# Extracted information
○ ○ ○ ○ ○ ○ ○

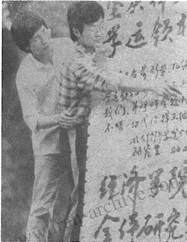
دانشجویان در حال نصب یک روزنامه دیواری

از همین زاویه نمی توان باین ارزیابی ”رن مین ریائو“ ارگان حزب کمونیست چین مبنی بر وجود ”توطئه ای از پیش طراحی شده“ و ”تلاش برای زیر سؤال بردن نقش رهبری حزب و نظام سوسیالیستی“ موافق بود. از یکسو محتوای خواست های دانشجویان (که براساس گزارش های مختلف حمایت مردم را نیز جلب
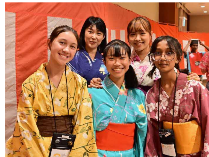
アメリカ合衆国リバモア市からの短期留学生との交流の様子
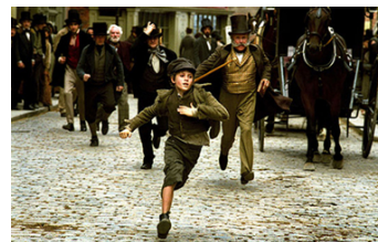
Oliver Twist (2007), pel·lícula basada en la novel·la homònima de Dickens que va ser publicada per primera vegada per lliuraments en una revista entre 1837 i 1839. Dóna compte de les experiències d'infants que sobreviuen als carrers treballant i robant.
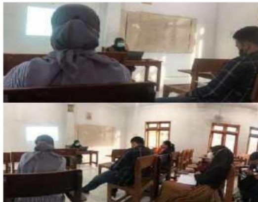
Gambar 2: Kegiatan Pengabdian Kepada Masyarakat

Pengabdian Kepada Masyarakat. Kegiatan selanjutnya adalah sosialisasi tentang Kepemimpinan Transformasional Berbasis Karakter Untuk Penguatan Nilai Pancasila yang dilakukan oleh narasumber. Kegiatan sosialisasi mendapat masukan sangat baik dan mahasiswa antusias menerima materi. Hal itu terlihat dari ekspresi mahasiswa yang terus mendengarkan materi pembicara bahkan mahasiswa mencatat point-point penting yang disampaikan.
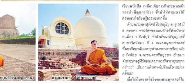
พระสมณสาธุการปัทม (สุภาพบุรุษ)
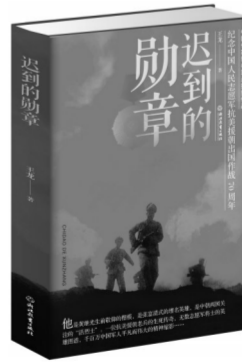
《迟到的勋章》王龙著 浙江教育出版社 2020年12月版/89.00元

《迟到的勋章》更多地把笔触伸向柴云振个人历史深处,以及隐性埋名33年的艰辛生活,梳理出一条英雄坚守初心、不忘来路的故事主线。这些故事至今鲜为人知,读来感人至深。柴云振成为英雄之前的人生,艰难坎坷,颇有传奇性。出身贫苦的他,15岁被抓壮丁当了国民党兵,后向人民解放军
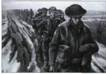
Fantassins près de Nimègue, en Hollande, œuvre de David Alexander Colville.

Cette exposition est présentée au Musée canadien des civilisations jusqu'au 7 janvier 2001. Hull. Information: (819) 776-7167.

○ ○ ○ ○ ○ ○ ○

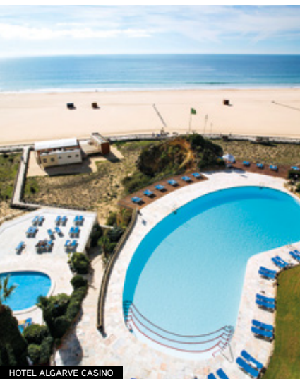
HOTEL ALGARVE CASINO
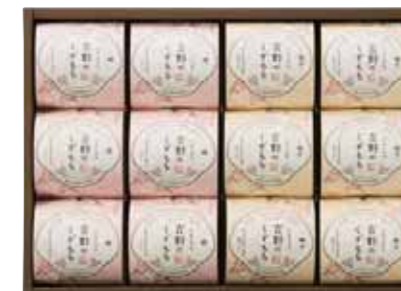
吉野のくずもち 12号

○ ○ ○ ○ ○ ○ ○

# Aim of the exercise
In the entries above, which lines run from the one with "از همین زاویه" up to and including the one with "Gambar 2: Kegiatan"? Write them out exactly, without the pictures.

# Output for this exercise
از همین زاویه نمی توان باین ارزیابی ”رن مین ریائو“ ارگان حزب کمونیست چین مبنی بر وجود ”توطئه ای از پیش طراحی شده“ و ”تلاش برای زیر سؤال بردن نقش رهبری حزب و نظام سوسیالیستی“ موافق بود. از یکسو محتوای خواست های دانشجویان (که براساس گزارش های مختلف حمایت مردم را نیز جلب
アメリカ合衆国リバモア市からの短期留学生との交流の様子
Oliver Twist (2007), pel·lícula basada en la novel·la homònima de Dickens que va ser publicada per primera vegada per lliuraments en una revista entre 1837 i 1839. Dóna compte de les experiències d'infants que sobreviuen als carrers treballant i robant.
Gambar 2: Kegiatan Pengabdian Kepada Masyarakat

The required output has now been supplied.